Any Immigration Reform Passed By Congress Will Make Things Worse

If there's one thing that everyone can agree on in this country, it's that our immigration laws are a mess.  Even I agree!  But does that mean the immigration laws should be changed?  Remember, there's only one way to change the laws, and that's to get a new law through the Congress, and (absent two-thirds majorities) signed by the President.  What is the chance that any new immigration law that could get through the Congress and be signed by the President would be an improvement on the current situation?  Certainly if we are talking about some kind of "comprehensive" reform, the chance of it being an improvement over the current situation is zero.  Far better to stick with what we have.

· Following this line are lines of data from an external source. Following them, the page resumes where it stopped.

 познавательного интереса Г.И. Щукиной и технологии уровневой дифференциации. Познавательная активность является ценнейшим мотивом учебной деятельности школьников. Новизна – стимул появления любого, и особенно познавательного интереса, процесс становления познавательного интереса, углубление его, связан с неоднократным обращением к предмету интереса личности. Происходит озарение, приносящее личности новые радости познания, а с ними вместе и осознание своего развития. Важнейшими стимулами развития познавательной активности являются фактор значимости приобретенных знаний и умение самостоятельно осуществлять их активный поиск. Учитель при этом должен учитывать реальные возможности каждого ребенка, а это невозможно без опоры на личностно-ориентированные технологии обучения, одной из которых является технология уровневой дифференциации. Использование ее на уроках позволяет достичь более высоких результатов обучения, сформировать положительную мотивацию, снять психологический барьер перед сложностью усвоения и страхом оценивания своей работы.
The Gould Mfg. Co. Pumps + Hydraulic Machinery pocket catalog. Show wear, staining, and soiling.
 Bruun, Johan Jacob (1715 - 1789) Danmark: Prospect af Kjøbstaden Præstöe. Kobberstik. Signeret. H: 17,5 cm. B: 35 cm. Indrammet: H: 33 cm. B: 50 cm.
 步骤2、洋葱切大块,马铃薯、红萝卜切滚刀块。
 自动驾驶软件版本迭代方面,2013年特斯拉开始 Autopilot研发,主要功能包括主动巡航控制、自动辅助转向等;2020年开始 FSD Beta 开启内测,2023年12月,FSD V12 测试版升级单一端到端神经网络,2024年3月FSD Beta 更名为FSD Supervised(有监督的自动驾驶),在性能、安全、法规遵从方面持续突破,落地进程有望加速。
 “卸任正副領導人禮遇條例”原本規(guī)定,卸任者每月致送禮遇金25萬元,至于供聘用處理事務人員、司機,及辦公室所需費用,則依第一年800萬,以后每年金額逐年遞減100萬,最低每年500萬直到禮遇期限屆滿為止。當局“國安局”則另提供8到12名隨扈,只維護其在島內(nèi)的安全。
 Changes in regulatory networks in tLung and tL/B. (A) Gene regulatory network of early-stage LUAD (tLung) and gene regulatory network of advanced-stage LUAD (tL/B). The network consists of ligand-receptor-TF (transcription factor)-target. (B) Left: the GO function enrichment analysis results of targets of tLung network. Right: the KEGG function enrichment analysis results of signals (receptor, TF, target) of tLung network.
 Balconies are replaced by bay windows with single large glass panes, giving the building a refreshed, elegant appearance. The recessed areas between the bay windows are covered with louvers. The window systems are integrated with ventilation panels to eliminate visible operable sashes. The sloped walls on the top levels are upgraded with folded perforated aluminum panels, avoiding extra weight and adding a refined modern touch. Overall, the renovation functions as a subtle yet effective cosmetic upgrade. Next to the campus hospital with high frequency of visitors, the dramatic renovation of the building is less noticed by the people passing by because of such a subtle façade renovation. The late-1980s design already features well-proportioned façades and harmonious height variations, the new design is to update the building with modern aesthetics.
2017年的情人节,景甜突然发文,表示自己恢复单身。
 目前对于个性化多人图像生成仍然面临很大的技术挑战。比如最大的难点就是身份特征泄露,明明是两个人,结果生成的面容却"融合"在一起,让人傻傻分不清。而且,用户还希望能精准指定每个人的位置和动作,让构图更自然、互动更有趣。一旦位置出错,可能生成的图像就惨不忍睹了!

​As much as the current situation is a mess, it has beneficial aspects that are rarely perceived.  Most notably, because most immigrants into the U.S are illegal, they are substantially deterred from obtaining welfare benefits and other state handouts.  To the extent these immigrants become legalized,  the vast legions of handout promoters would immediately be sicced upon them, and many immigrants would find themselves heeding the sirens' song.   The result of that in places that have tried it, namely much of Europe, is a huge alienated underclass seething with resentment and ready to explode in riots and/or terror attacks.  For example, consider Sweden, currently engulfed in about a week of riots with no end in sight.  The rioters are predominantly muslim immigrants, who make up about 6% of the population, while receiving some 70 - 80% of welfare payments.  Or consider the extensive rioting in the poor suburbs around Paris in 2005, again largely by unemployed immigrants subsisting on various forms of state handouts.  France just had another round of such riots in Amiens in 2012.  Relevant to this issue is the now eighteen-part series by Mickey Kaus of the Daily Caller titled "Does Welfare Cause Terrorism?"  Recent subjects of the series have included the Tsarnaev brothers of Boston marathon fame - yes, they had been on welfare.  In the latest installment, Kaus asks whether English terrorist Michael Adebolajo, famous for recently beheading an army man on the street in Woolwich, had been receiving welfare.  The answer is not yet in.  I know where I place my bet.​  Kaus has this to say about the underlying dynamic:

[R]elatively generous welfare benefits enable those in the ethnic ghetto to stay there, stay unemployed, and seethe. Without government subsidies, they would have to overcome the prejudice against them and integrate into the mainstream working culture. Work, in this sense, is anti-terrorist medicine. (And if you work all day, there's less time to dream up ways and reasons to kill infidels.)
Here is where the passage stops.